On technological shinies and the thinking brain

[…] “Her mother and I didn’t want to get her a feed at all. I did not have one. Neither did her mother. I said none for our family.

“Then one day, when her mother had left, and I needed work, I was at a job interview. I was an excellent candidate. Two men were interviewing me. Talking about this and that. Then they were silent, just looking at me. I grew uncomfortable. Then they began looking at each other, and doing what I might call smirking.

“I realized that they had chatted me, and that I had not responded. They found this funny. Risible. That a man would not have a feed. So they were chatting about me in my presence. Teasing me when I could not hear. Free to assess me as they would, right in front of me.

“I did not get the job.

“It was thus that I realized that my daughter would need the feed. She had to live in the world.”

— Mr. Durn, from Feed by M. T. Anderson

This passage came to mind the other day as I was reading a particularly interesting and thought-provoking passage from Proust and the Squid by Maryanne Wolf. In that passage, Wolf walks her readers through Socrates’ three-fold objection towards the written language:

  1. You cannot dialogue with a written text. (To put this in context: Socrates prized active, verbal discussion. He firmly believed that it was the only way for individuals to truly learn, and to understand an idea. He also believed it invaluable to society. To quote Wolf, “only the examined word and the analyzed thought could lead to real virtue, and only true virtue could lead a society to justice and could lead individuals to their god.”)
  2. Writing interferes with an individual’s memorizing skill, and consequently, as Wolf writes, “the individual’s internalization of knowledge.”
  3. Writing presents no accountability or control  for its contents. To quote Socrates, “Once a thing is put into writing, the composition, whatever it may be, drifts all over the place, getting into the hands not only of those who understand it, but equally of those who have no business with it; it doesn’t know how to address the right people, and not address the wrong. And when it is ill treated and unfairly abused it always needs its parents to come to its help, being unable to defend or help itself.”

His objections are well-argued, but what I found interesting was that it wasn’t writing, or even reading, that Socrates had an issue with, but rather what a written language would do to the way people think and used their minds.
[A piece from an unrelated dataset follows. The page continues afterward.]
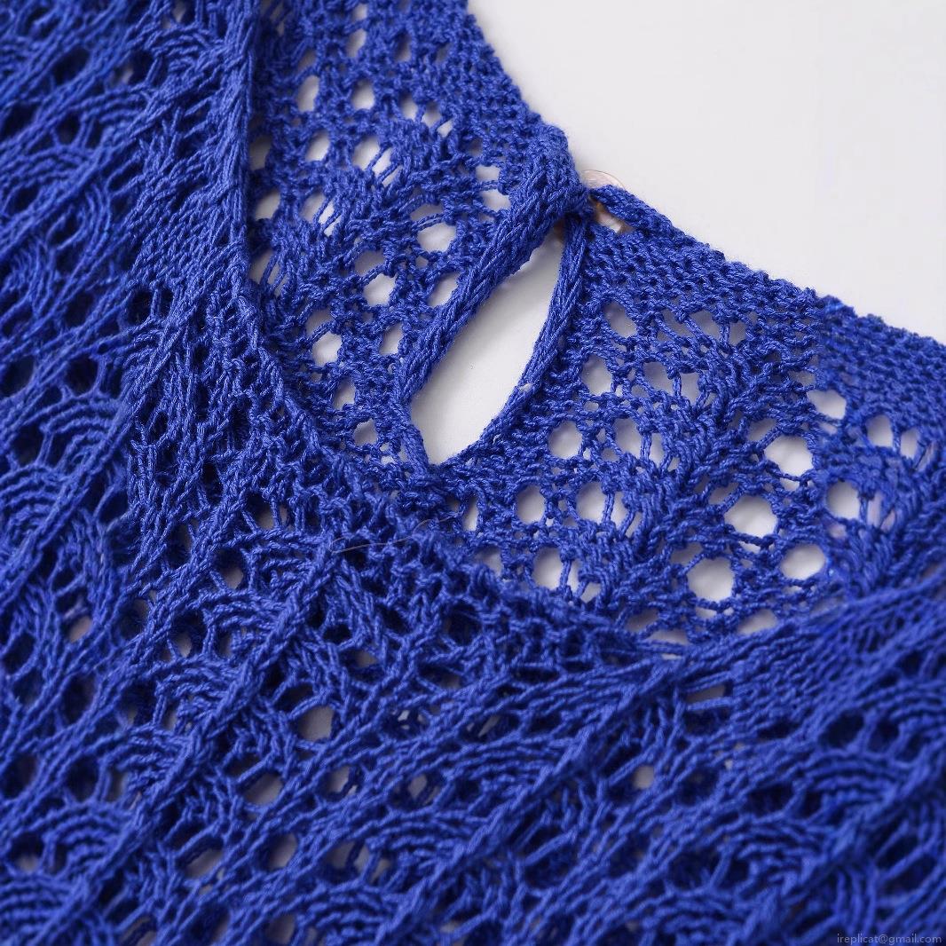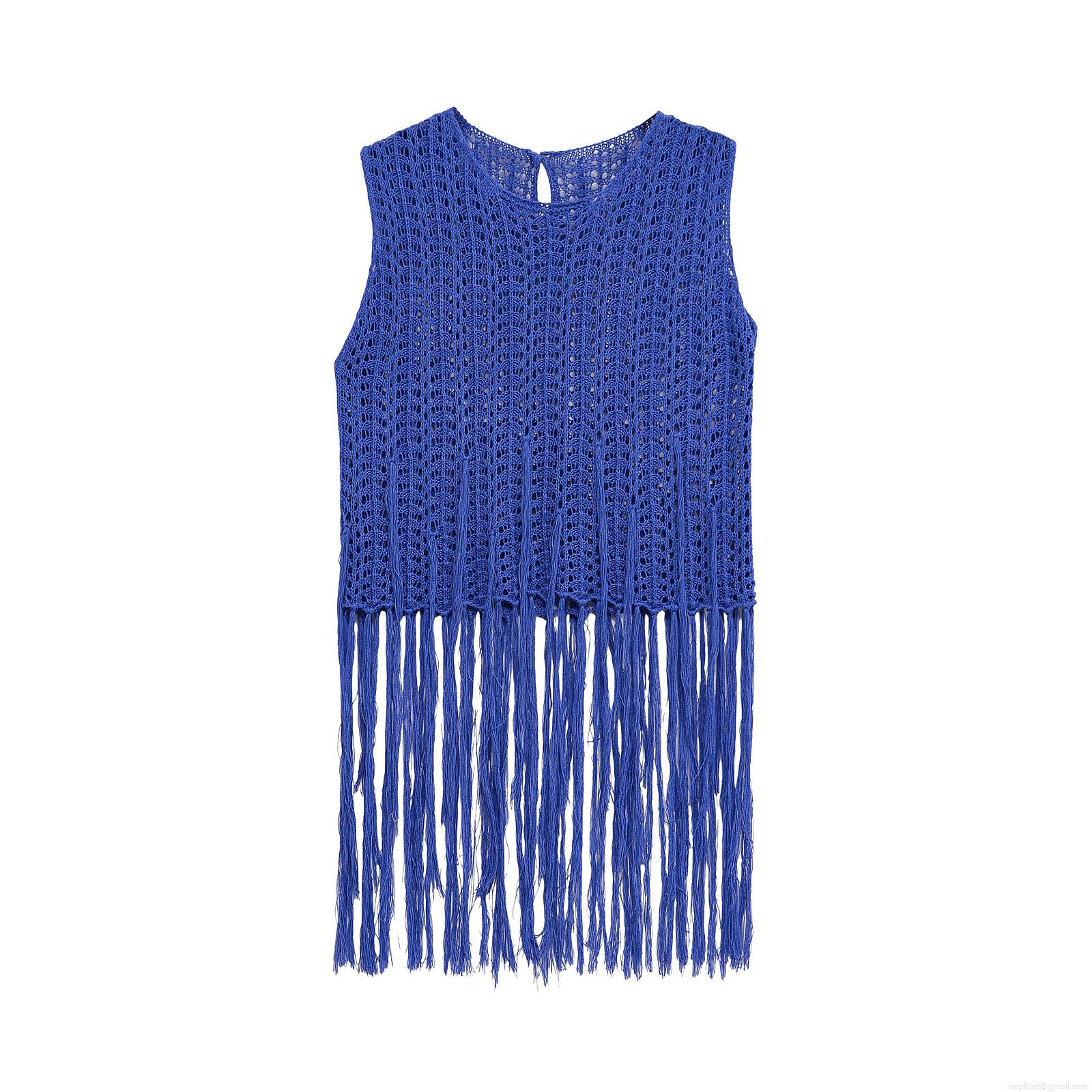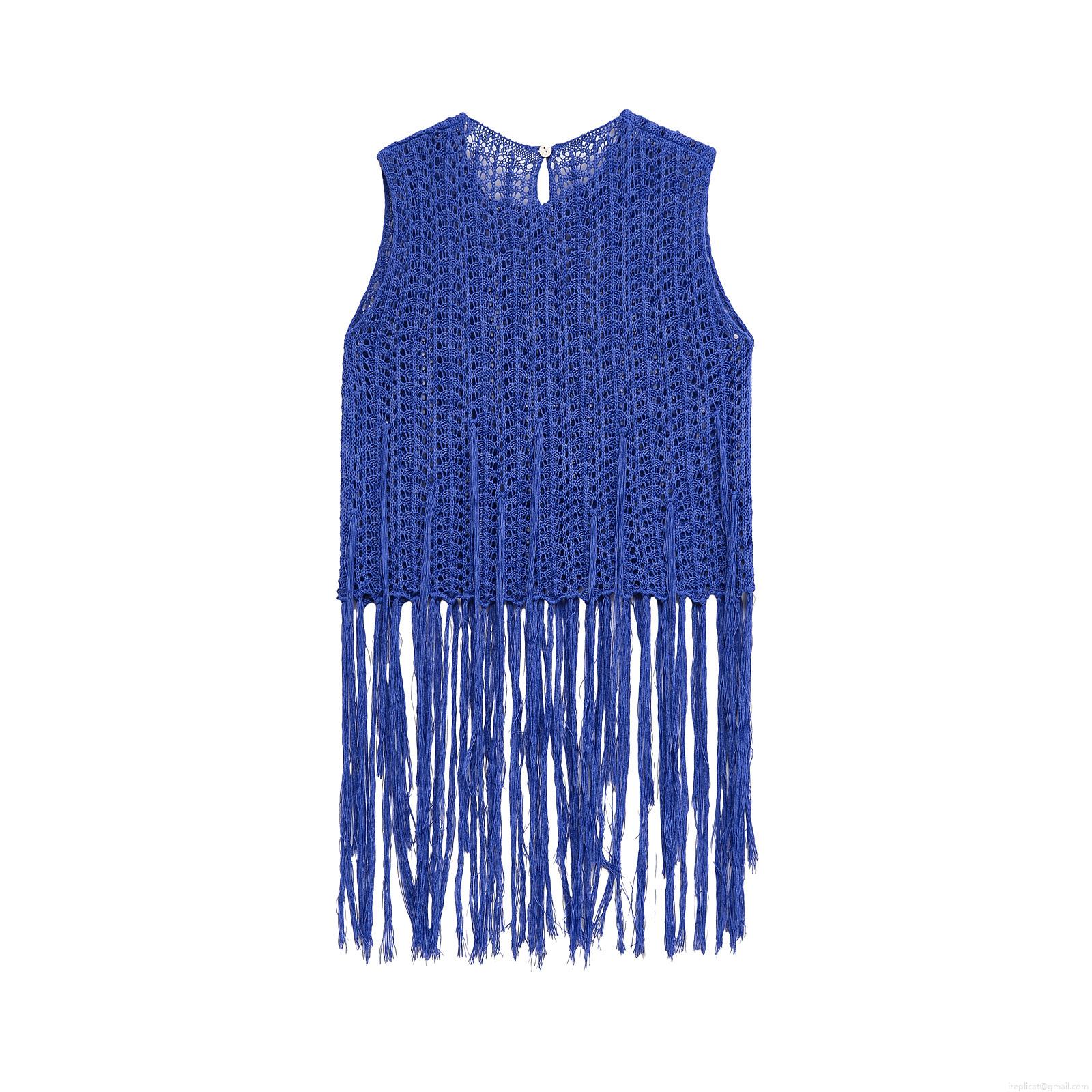 • Women's Royal Blue Crochet Knit Vest Top With Long Fringe Sleeveless Round Neck Pullover Cropped Tank Top For Summer Vacation Party Chic Tops
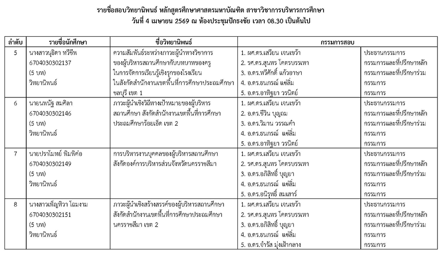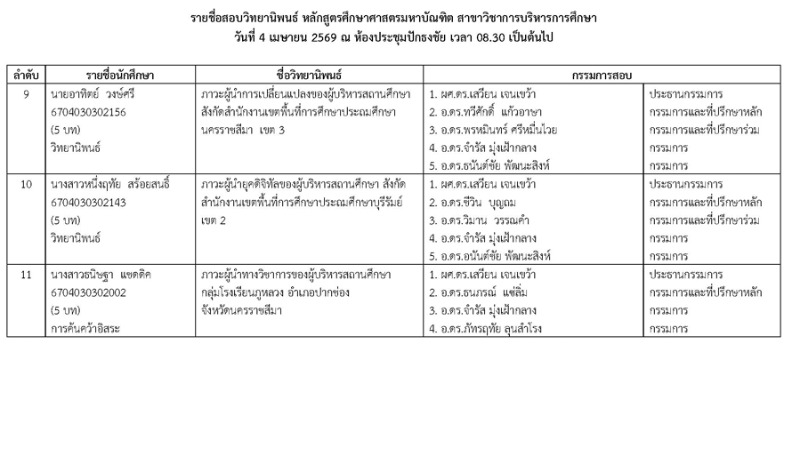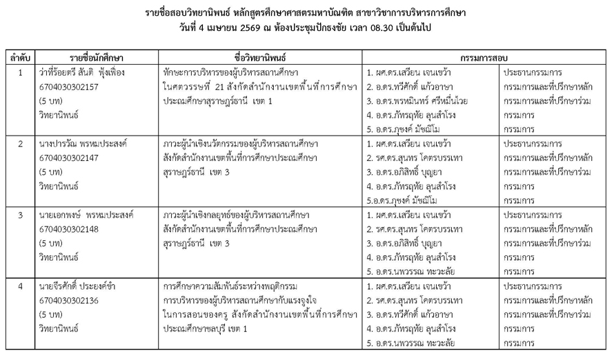 หัวข้อ : ประกาศรายชื่อสอบวิทยานิพนธ์ หลักสูตรศึกษาศาสตรมหาบัณฑิต สาชาวิชาการบริหารการศึกษา วันเสาร์ที่ 4 เมษายน 2569 ณ ห้องประชุมปักธงชัย เวลา 08.30 น. เป็นต้นไป

He believed very firmly that the dependence upon a written language—as opposed to dependence upon human memory and oral tradition—would cause society to, basically, get dumber. Which immediately made me think of what people—myself included—have said about humankind’s growing dependence upon things like the Internet, Google, and how our stuff is just becoming increasingly automated so that we ourselves are doing less and less. I used to think that the rapid surge of technological advancements in our society—like the infamous Google Glass—was completely unprecedented and utterly unnatural. But after talking about the matter with friends, I conceded that the aspect of technology progressing is old, old news. Throughout human history, technology has always been improving and changing. This is why we aren’t using bronze weaponry anymore, why we aren’t reading from scrolls, why we aren’t getting around town in a horse and buggy. Wolf says as much in her book:

[…] there would be no turning back from these new forms of communication and knowledge. Socrates could no more prevent the spread of reading than we can prevent the adoption of increasingly sophisticated technologies. Our shared human quest for knowledge ensures that this is as it must be.

But what still irks me about new technology is not so much that they exist, but that there is a lack of pause to consider the ramifications—cerebral, socially, culturally—of their consumption. I don’t think we should be decrying the Internet, or smartphones, or Twitter, nor should we ban people from using them. But I think we ought to be more mindful of how we use these resources and tools. If I’ve learned anything from Proust and the Squid, it’s this: that our brains wire itself according to what we feed it, sensorially and intellectually. It’s an impressive testament to the human brain, how it’s wonderfully complex, intelligent, and adaptive. It’s also a sobering reminder of what we might make ourselves into if all we’re doing is passively, apathetically consuming.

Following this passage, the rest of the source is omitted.